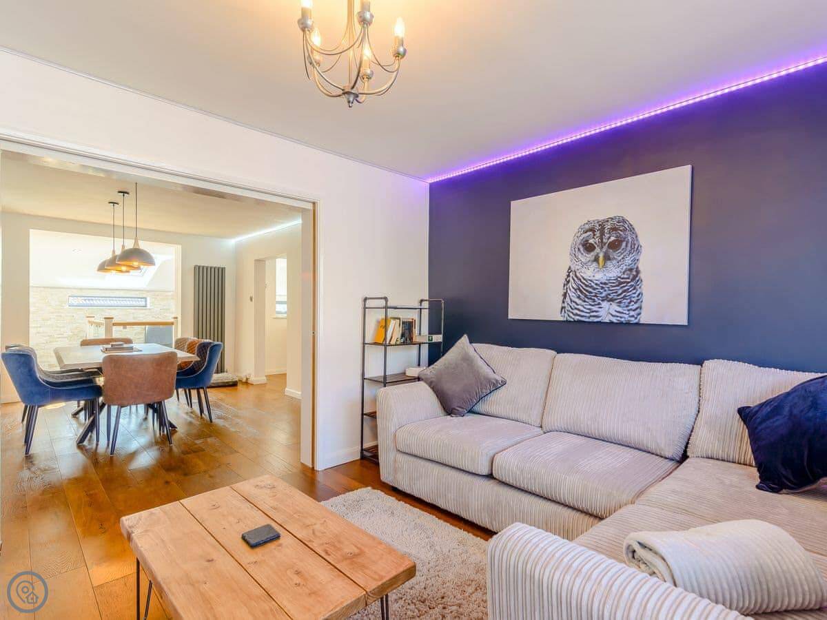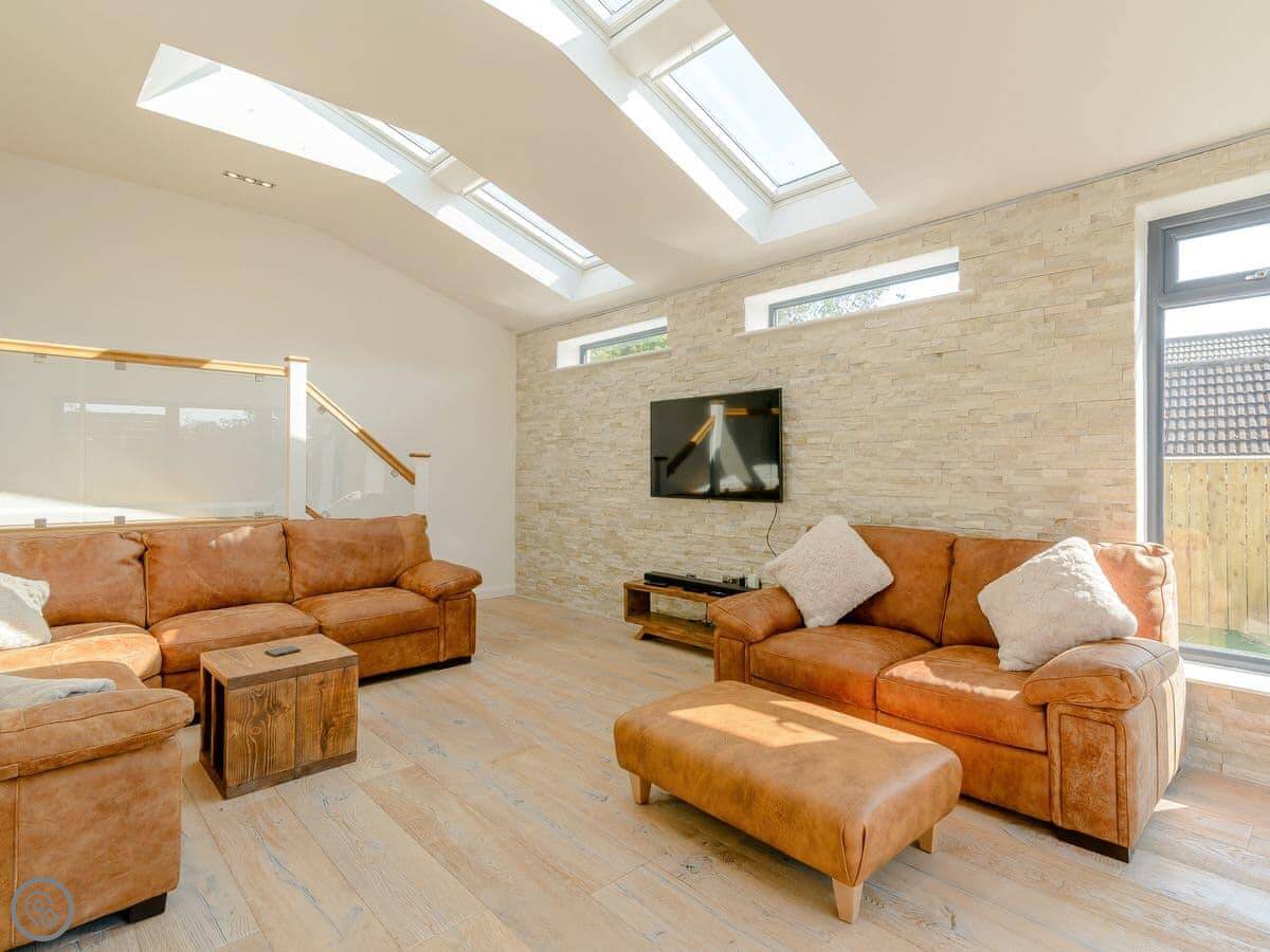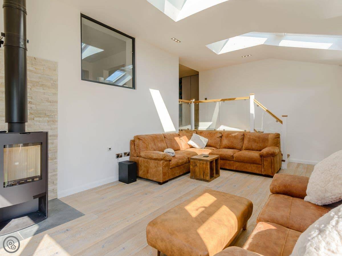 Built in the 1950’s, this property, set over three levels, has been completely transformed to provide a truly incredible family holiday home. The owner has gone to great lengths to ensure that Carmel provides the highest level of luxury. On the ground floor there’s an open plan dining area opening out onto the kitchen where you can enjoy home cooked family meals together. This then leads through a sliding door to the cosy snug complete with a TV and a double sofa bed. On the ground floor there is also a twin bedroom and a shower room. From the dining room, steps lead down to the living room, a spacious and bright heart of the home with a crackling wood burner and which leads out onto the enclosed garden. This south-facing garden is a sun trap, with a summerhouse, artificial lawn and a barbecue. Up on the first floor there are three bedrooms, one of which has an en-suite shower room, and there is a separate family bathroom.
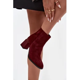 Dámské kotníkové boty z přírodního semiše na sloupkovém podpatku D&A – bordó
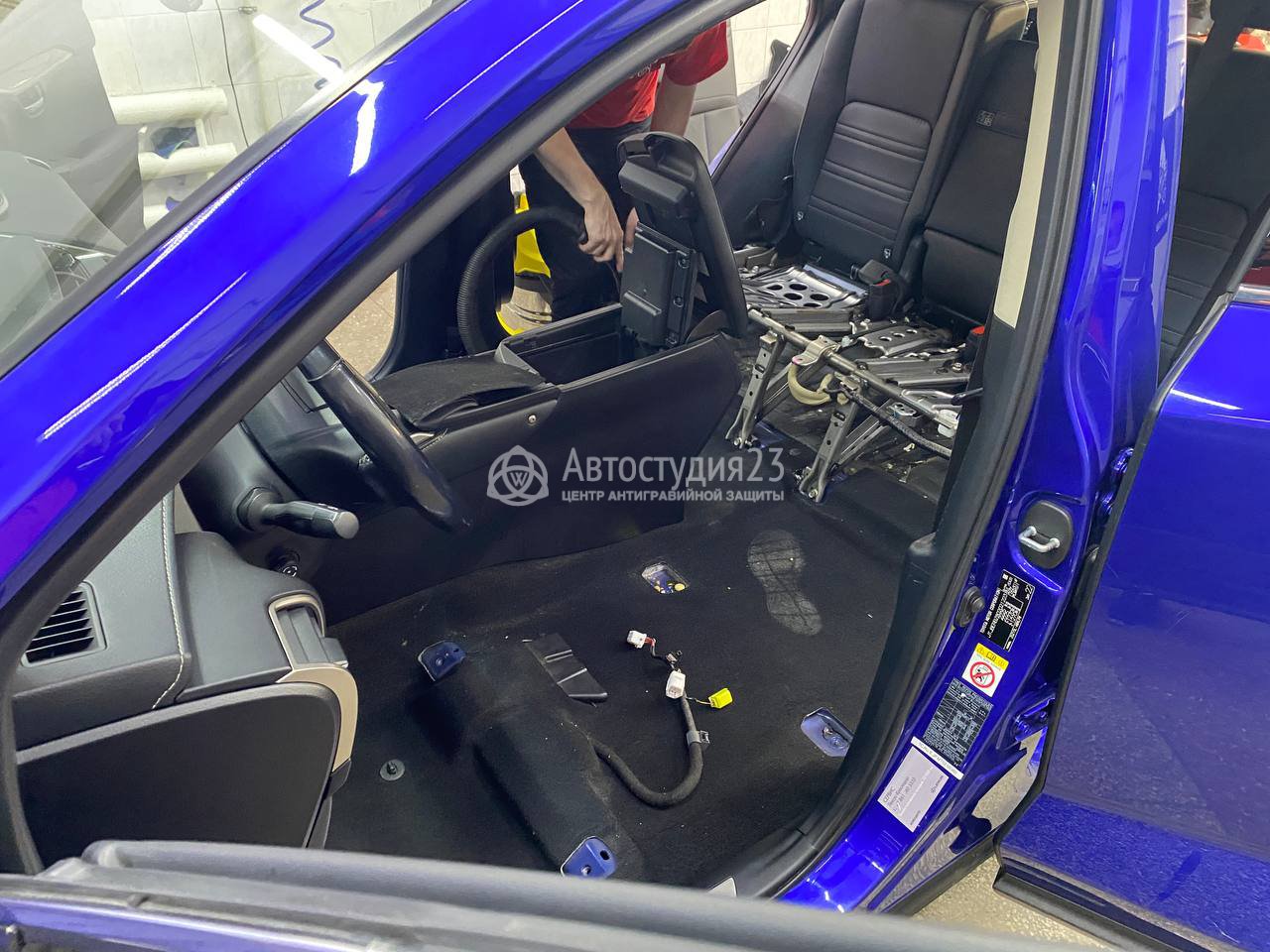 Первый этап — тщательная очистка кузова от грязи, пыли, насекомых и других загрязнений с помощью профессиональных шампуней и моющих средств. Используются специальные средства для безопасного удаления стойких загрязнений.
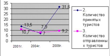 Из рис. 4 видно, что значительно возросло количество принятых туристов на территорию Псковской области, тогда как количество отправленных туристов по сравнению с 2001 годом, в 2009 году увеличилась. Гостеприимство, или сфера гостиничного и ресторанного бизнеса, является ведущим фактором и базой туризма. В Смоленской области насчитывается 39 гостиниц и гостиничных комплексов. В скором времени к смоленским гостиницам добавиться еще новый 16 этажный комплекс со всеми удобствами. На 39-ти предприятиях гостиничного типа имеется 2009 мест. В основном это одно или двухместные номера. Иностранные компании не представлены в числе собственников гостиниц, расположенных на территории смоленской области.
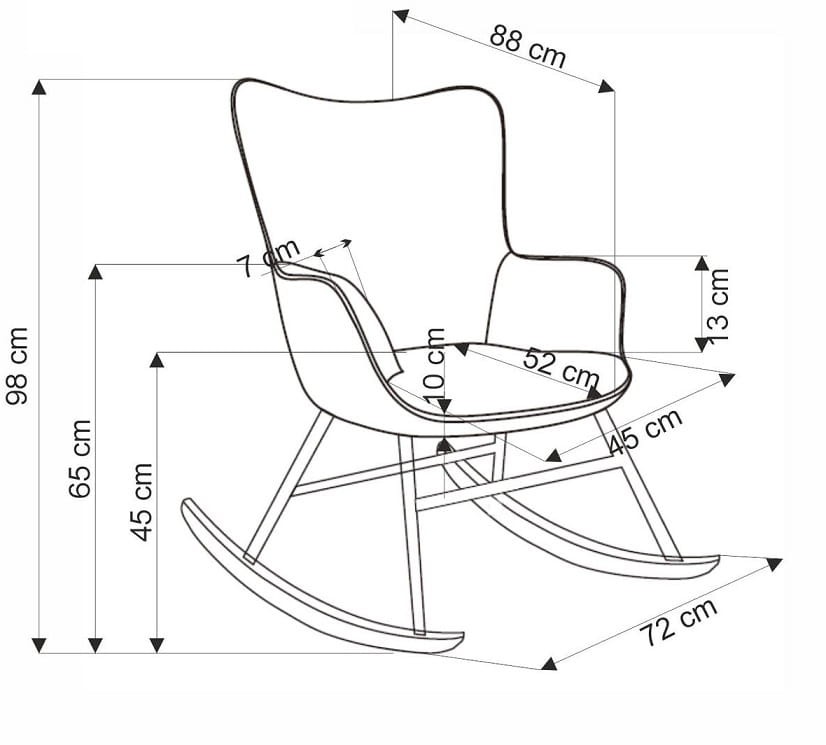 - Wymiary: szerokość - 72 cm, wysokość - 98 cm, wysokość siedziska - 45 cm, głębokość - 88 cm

○ ○ ○ ○ ○

■ PROBLEM STATEMENT ■
In case the records contain pictures, keep those out and repeat the rest exactly.

■ SOLUTION TO THE PROBLEM ■
 Built in the 1950’s, this property, set over three levels, has been completely transformed to provide a truly incredible family holiday home. The owner has gone to great lengths to ensure that Carmel provides the highest level of luxury. On the ground floor there’s an open plan dining area opening out onto the kitchen where you can enjoy home cooked family meals together. This then leads through a sliding door to the cosy snug complete with a TV and a double sofa bed. On the ground floor there is also a twin bedroom and a shower room. From the dining room, steps lead down to the living room, a spacious and bright heart of the home with a crackling wood burner and which leads out onto the enclosed garden. This south-facing garden is a sun trap, with a summerhouse, artificial lawn and a barbecue. Up on the first floor there are three bedrooms, one of which has an en-suite shower room, and there is a separate family bathroom.
 Dámské kotníkové boty z přírodního semiše na sloupkovém podpatku D&A – bordó
 Первый этап — тщательная очистка кузова от грязи, пыли, насекомых и других загрязнений с помощью профессиональных шампуней и моющих средств. Используются специальные средства для безопасного удаления стойких загрязнений.
 Из рис. 4 видно, что значительно возросло количество принятых туристов на территорию Псковской области, тогда как количество отправленных туристов по сравнению с 2001 годом, в 2009 году увеличилась. Гостеприимство, или сфера гостиничного и ресторанного бизнеса, является ведущим фактором и базой туризма. В Смоленской области насчитывается 39 гостиниц и гостиничных комплексов. В скором времени к смоленским гостиницам добавиться еще новый 16 этажный комплекс со всеми удобствами. На 39-ти предприятиях гостиничного типа имеется 2009 мест. В основном это одно или двухместные номера. Иностранные компании не представлены в числе собственников гостиниц, расположенных на территории смоленской области.
 - Wymiary: szerokość - 72 cm, wysokość - 98 cm, wysokość siedziska - 45 cm, głębokość - 88 cm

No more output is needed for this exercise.